**Exercise brief:** Everything from the line containing "Serre de jardin" down to the last line below should be set down exactly, and only that, without the pictures.

**Supplied material:**
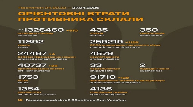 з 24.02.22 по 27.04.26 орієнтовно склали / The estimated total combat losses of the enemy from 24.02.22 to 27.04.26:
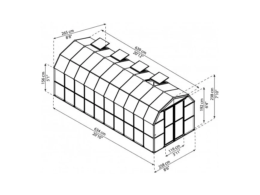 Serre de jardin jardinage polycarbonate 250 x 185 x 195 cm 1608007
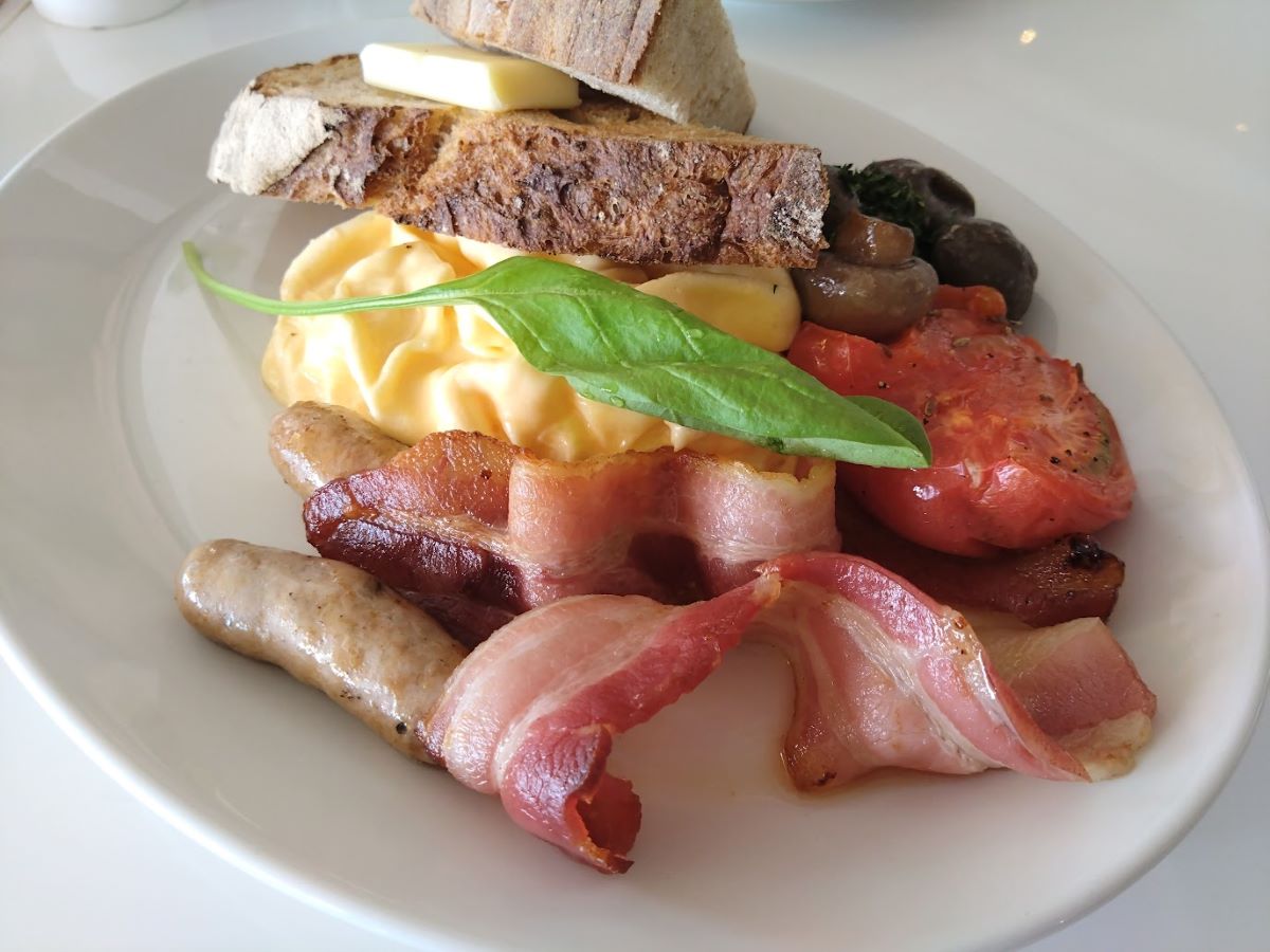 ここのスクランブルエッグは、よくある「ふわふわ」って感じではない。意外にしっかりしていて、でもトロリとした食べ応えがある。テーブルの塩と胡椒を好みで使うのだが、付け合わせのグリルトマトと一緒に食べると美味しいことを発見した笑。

**Output:**
 Serre de jardin jardinage polycarbonate 250 x 185 x 195 cm 1608007
 ここのスクランブルエッグは、よくある「ふわふわ」って感じではない。意外にしっかりしていて、でもトロリとした食べ応えがある。テーブルの塩と胡椒を好みで使うのだが、付け合わせのグリルトマトと一緒に食べると美味しいことを発見した笑。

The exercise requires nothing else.